■ Task description ■
Whatever precedes the line containing "PACK DE 10 UNIDADES" is not copied; that line and every line after it through the final one below are copied exactly, except pictures.

■ Given data ■
********

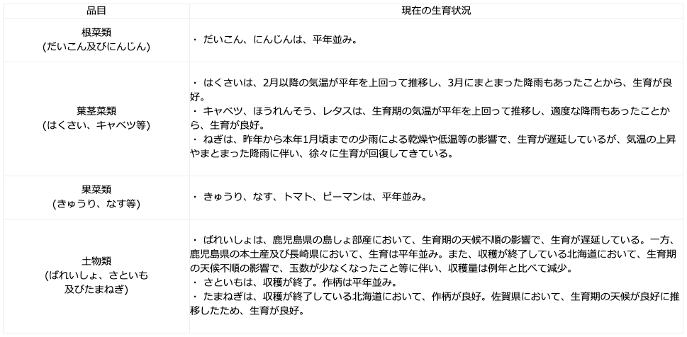 現在の生育状況 今後の生育、出荷及び価格見通し
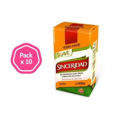 PACK DE 10 UNIDADES X 500GR. YERBA MATE SINCERIDAD SUAVE.
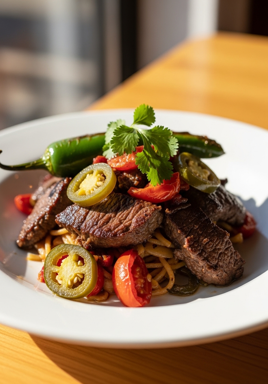 Bisteces a la Mexicana is a delicious beef stew inspired by traditional Mexican flavors. This hearty dish simmers gently, combining tender pieces of beef with ripe tomatoes, zesty jalapeños, onions, and a harmonious blend of Mexican herbs and spices to create a rich, comforting meal.

********

■ Answer to this exercise ■
 PACK DE 10 UNIDADES X 500GR. YERBA MATE SINCERIDAD SUAVE.
 Bisteces a la Mexicana is a delicious beef stew inspired by traditional Mexican flavors. This hearty dish simmers gently, combining tender pieces of beef with ripe tomatoes, zesty jalapeños, onions, and a harmonious blend of Mexican herbs and spices to create a rich, comforting meal.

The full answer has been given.